» **Your task**
Begin at the line where "вдоль канала и" appears and reproduce exactly every line through the end of the data below, both included, skipping pictures.

» **Data extract**
******************************
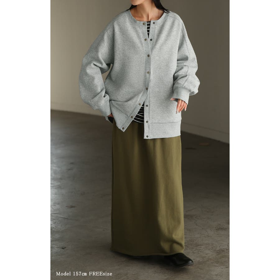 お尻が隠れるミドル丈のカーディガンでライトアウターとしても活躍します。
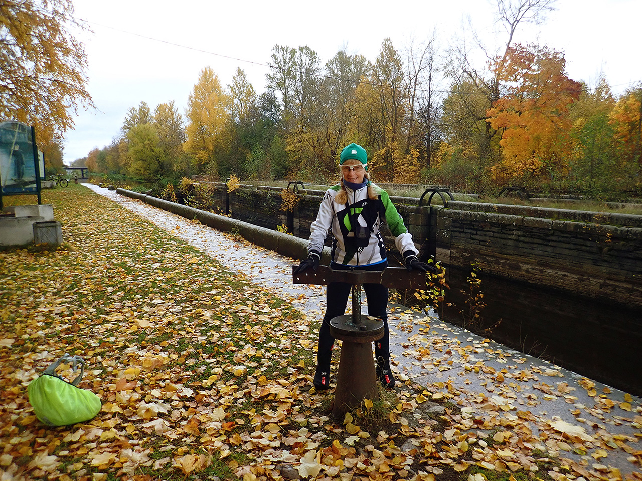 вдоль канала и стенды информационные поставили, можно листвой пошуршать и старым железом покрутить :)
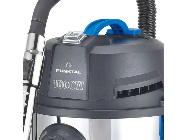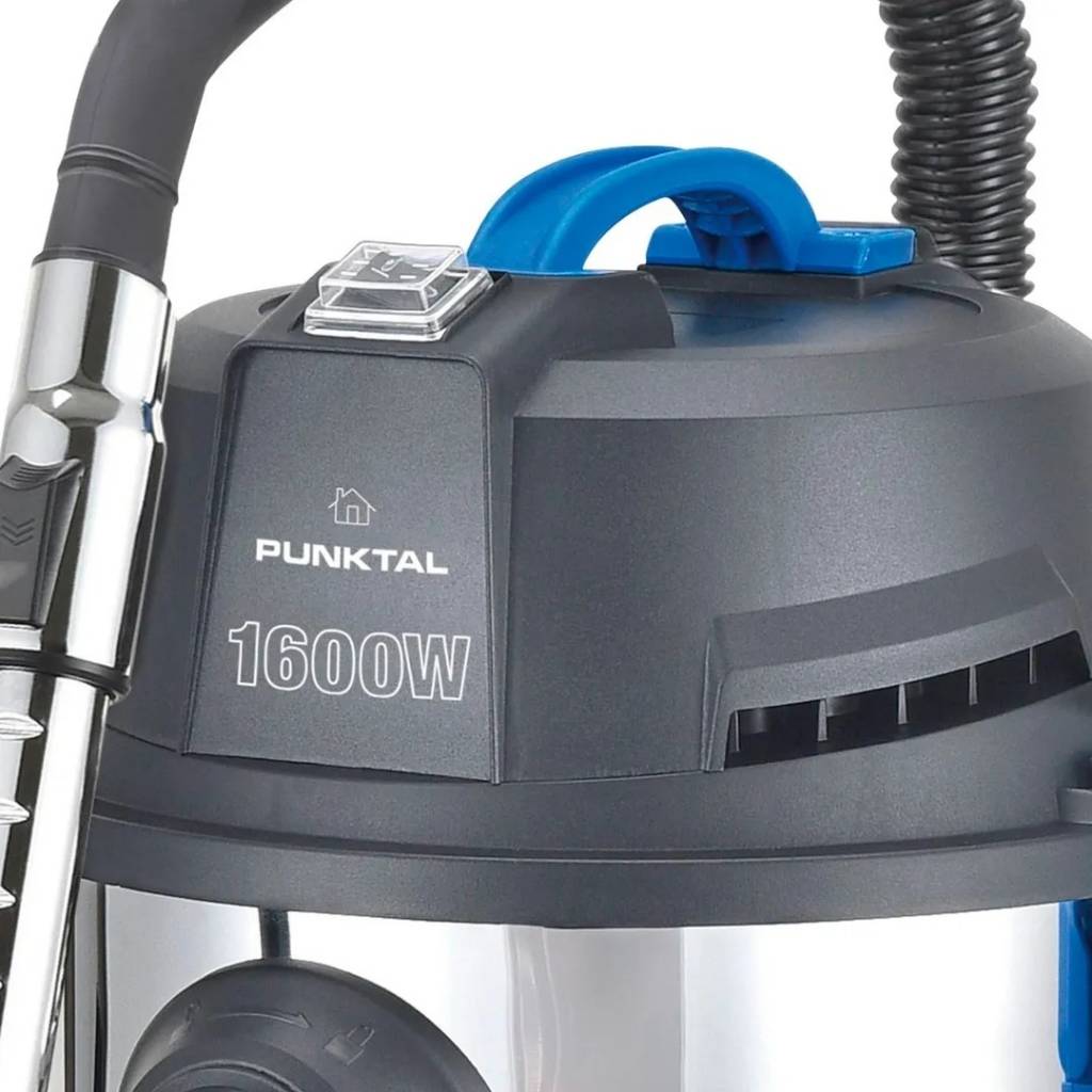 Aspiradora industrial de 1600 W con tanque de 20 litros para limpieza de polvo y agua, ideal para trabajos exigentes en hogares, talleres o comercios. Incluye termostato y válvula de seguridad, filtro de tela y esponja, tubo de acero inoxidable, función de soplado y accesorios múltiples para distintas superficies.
******************************
» **Result of the task**
 вдоль канала и стенды информационные поставили, можно листвой пошуршать и старым железом покрутить :)
 Aspiradora industrial de 1600 W con tanque de 20 litros para limpieza de polvo y agua, ideal para trabajos exigentes en hogares, talleres o comercios. Incluye termostato y válvula de seguridad, filtro de tela y esponja, tubo de acero inoxidable, función de soplado y accesorios múltiples para distintas superficies.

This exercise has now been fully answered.